My best souvenir is from the 1999 New South Wales Legislative Council election. In that election, a record number of 264 candidates stood for 42 seats, requiring a ballot paper about 1 square metre in size. Each of the 80 parties allocated preferences (both a recommendations to their supporters, and to allocate preferences for votes cast “above the line”). So the Electoral Commissioner produced a poster listing all of these party preferences, to be displayed in each polling station – and when I say poster, I mean a poster in more than 20 sheets, each about 1 square metre in size. I scrutineered for one of the parties on the day, and when the person in charge of the polling station was packing up, I asked for the copy of this 20-plus-sheet poster. After thinking a while, and deciding that otherwise it would become scrap paper, he gave it to me. So I have it sitting, neatly folded in a pile at home. (I resist the temptation to unfold it and put it up on the wall, since it would rather dominate the decor). I rather doubt that anyone else in the US (or indeed outside Australia) has a copy of it.
It wouldn’t be so unique if I was in Texas, but I’m not. My cowboy hardhat (fully legal in the US but sadly not homologated for the EU) is a great conversation piece.

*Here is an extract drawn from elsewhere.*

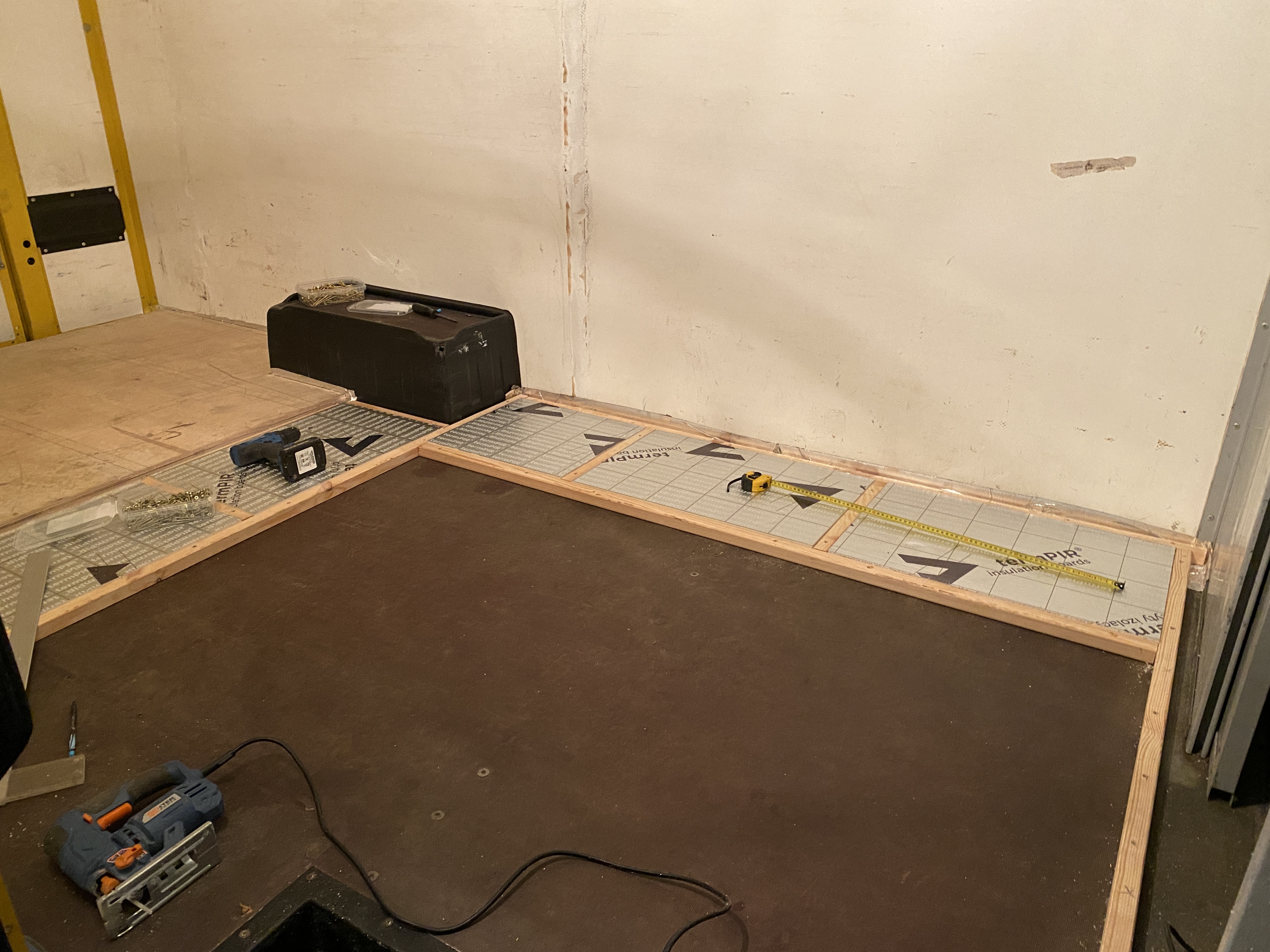 - dalej, dzielimy przestrzeń podłogi na rozsądne obszary tak, aby nie było bardzo długi odcinków na których płyta PIR jest mocno dociążana przez zabudowę a nie ma podparcia legarów - ten krok przyznam się szczerze wychodził w praniu :)

The Texan who gave it to me when I admired it in his office (in Houston, hi Houston!) said he’s seen them in all kinds of colors, mine is a pale yellow that could be in a normal hat.

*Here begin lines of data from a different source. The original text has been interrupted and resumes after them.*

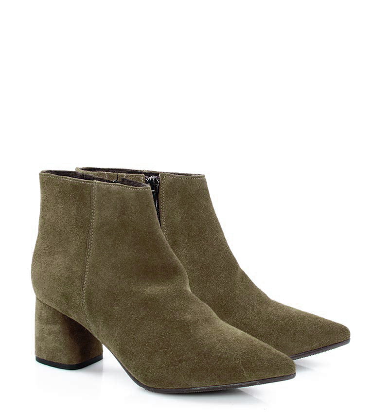 VERA –  Zielone botki na 6,5 cm słupku (wysokość obcasa jest mierzona w rozmiarze 37). Czubek w szpic, zapinane na zamek . Buty wykonane z naturalnej skóry welurowej układającej się do stopy. Średnia wysokość obcasa sprawia, że są to wygodne botki. Tęgość butów: G. Wnętrze butów ocieplone cienkim kocem obuwniczym.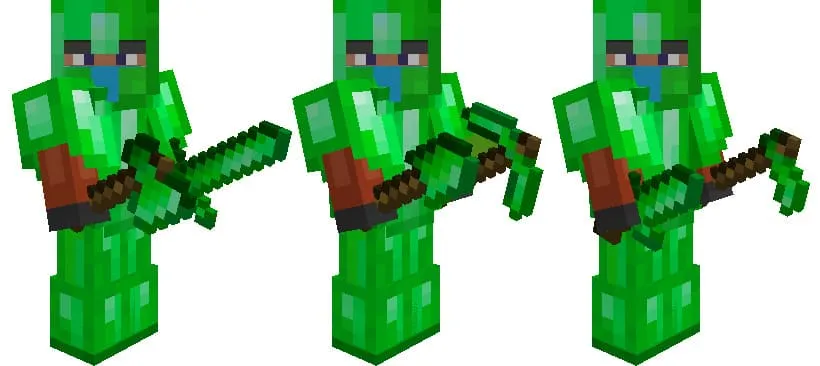 Изумрудный топор: 6 урона, 836 прочности, 7 скорости. Алмазный топор: 6 урона, 1561 прочность, 8 скорость.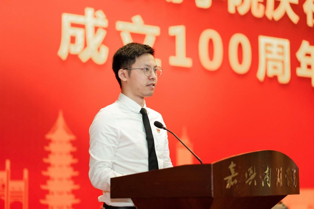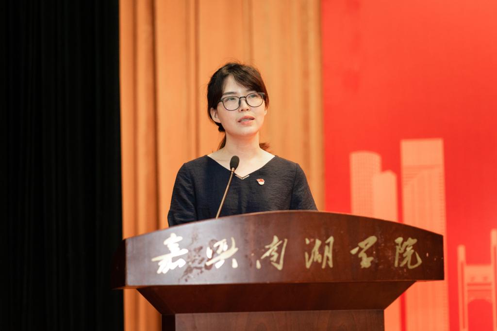 嘉兴市优秀共产党员刘勇、校优秀共产党员王辰昱、校优秀党务工作者武瑛、嘉兴市先进基层党组织人文系教工党支部李柽杨、学生党员代表陈逸轩作交流发言。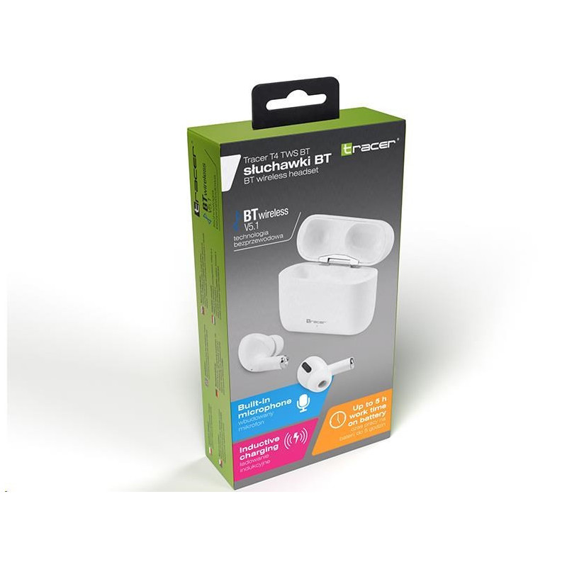 Convenient charging - The Tracer headphones have a built-in 500 mAh battery that provides up to 5 hours of uninterrupted music or phone calls. When the battery is down, you can easily recharge it using the charging case – you do not need a cable or a charger, it’s all wireless. In addition to the charging function, the case also protects the headphones against damage or loss.

I have a Herbert Hoover action figure. With Depression-activating pistol grip.
Apparently, some Japanese company decided to make a “Leaders of the World” series of action figures. 4 Americans were chosen to have their likeness molded into plastic and placed on top of a 12" G.I. Joe figure. George Washington, James Madison, Benjamin Franklin, and… Herbert Hoover. Not even circa-1930 Herbert Hoover, but circa 1950 80-year-old Herbert Hoover. And since it’s just a G.I. Joe base body, he does in fact have his right hand in permanent gun-holding pose.
It is a beautiful bit of mis-interpretation of American history and culture that could only be done by a Japanese company.
A production script from “The Usual Suspects” is floating around somewhere. It might be preproduction when the names were all different. I don’t think its an original, I think its a copy.
Prerelease extended edition DVDs of The Lord of the Rings - the ones they send out to reviewers - I think its the Two Towers where it basically looks like a bootleg - handwritten and numbered on a small scaled burned DVD. Return of the King I remember having some sort of real looking label.
(Roman coins - my eight year old has one that predates Christ - it isn’t actually Roman though - I think its from Sicily - don’t know where it is at the moment. My step-father-in-law collects ancient coins and sometimes buys them in batches - a good one with four or five that aren’t worth anything - he says this one is worth about $5).